LASSO regression and SVM-REF further identified five key DEGs (GBP5, HIST1H4C, CARD17, LOC730167 and HOOK1). The GSE144127 dataset was used for validation, including gene expression and diagnostic efficiency. The results revealed that GBP5 (AUC = 0.833) and CARD17 (AUC = 0.763) still had high diagnostic efficiency and may be critical biomarkers for EPTB. Guanylate binding protein 5 (GBP5) belongs to the IFN-γ inducible GTPase family and functions in host defense and inflammatory responses (Fujiwara et al., 2016). The GBP5 gene promotes NLRP3 inflammatory vesicles that exhibit a pronounced pathogen-host defense response (Shenoy et al., 2012). The GBP5 gene also regulates AIM2 inflammatory vesicle expression, triggering caspase-1-dependent pyrolysis and releasing the IL-1β and IL-18 (Meunier et al., 2015). Differential expression of GBP5 between TB and LTBI has been demonstrated by blood transcriptomics (Berry et al., 2010) and PCR (Laux da Costa et al., 2015). However, the association between GBP5 and EPTB is less well studied and needs further validation. Caspase recruitment domain 17 (CARD17) is closely associated with regulating protein hydrolase pro-1P maturation and release in inflammation (Lamkanfi et al., 2004). The latest study found that CARD17 was up-regulated in active tuberculosis by bioinformatic analysis, with a ROC curve showing 85% sensitivity, 90% specificity, and an AUC value of 0.96 (Natarajan et al., 2022). Recently, a blood RNA sequencing study on drug-resistant tuberculosis found that CARD17 was upregulated in multi-drug/rifampin resistant TB (Madamarandawala et al., 2023). Experimental studies on CARD17 are scarce, and there are no reports on the expression and mechanism of action of CARD17 in EPTB. We validated GBP5 and CARD17 expression in clinical samples by qPCR. The qPCR result showed that the expression of GBP5 and CARD17 was significantly up-regulated in EPTB patients compared to controls. This is consistent with the expression data in the GEO dataset. It is suggested that GBP5 and CARD17 could serve as potential biomarkers for EPTB and deserve further exploration.
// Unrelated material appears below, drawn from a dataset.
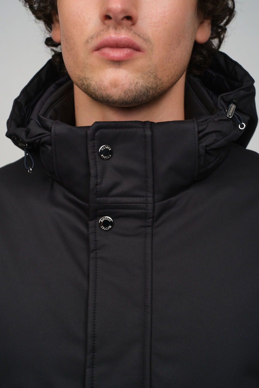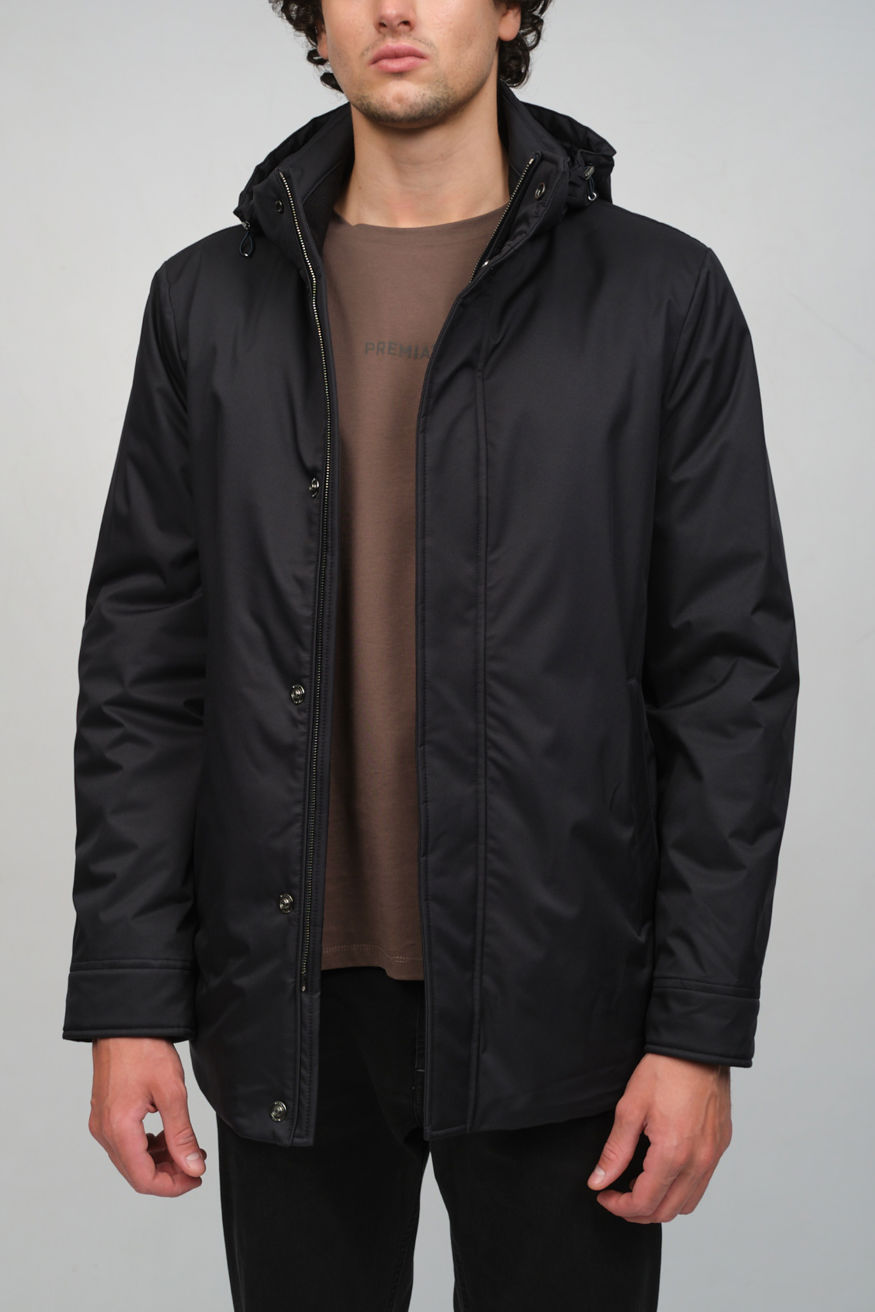 Темно-синяя куртка сочетает легкость и практичность. Ее сшили из плотного габардина и оснастили мембраной, которая надежно защищает от непогоды, позволяя коже дышать. Благодаря легкому наполнителю, в куртке комфортно гулять как в прохладную осень (+8°C), так и в морозную зиму (-12°C). Продуманный внутренний крой включает три кармана для безопасного хранения документов и телефона.

The immune response to Mtb infection in different parts of the organism is diverse and complex (Consonni et al., 2022). As a consequence, safe and effective treatment requires precise control of the immune system. Using ssGSEA to assess immune cell infiltration and correlate it with the hub gene can contribute to diagnosing and treating EPTB. The infiltration of 17 subtypes of immune cells was significantly different compared to the control group. Five key genes, CARD17, GBP5, HOOK1, LOC730167 and HIST1H4C, were significantly associated with 16, 14, 12, 6, and 4 subtypes of immune cells, respectively. Memory B cell, Effector memory CD4 T cell, Central memory CD4 T cell and Activated dendritic cell were associated with more than two key genes (p < 0.001). HOOK1 is strongly associated with M2 macrophages in endometriosis (Wang et al., 2023), and GBP5 is associated with a high infiltration of B-cells, CD4+ T-cells, CD8+ T-cells, and NK-cells in small cell lung cancer (Tong et al., 2023). These high correlations suggest an important role for these genes in immune regulation and inflammation. Several studies of immune cells in EPTB have focused on CD4+ T cells. Mtb replication delays the initiation of CD4 T cells (Xu et al., 2021). Differential expression of Mtb-specific CD4+ T cell activation markers distinguishes EPTB from latent infection (Silveira-Mattos et al., 2020). CD4+ T cells can spread EPTB early, promote TB development, and maintain multi-effect functions of CD8+ T and CD3– lymphocytes (Yao et al., 2014). Increased memory CD4+ T cell response frequency in previously treated EPTB patients (Barreto-Duarte et al., 2020). Research on Memory B and dendritic cells is sparse and awaits our experimental additions. The evidence mentioned previously, and our current findings suggest that infiltrating immune cells are critical in EPTB and should be the focus of future research.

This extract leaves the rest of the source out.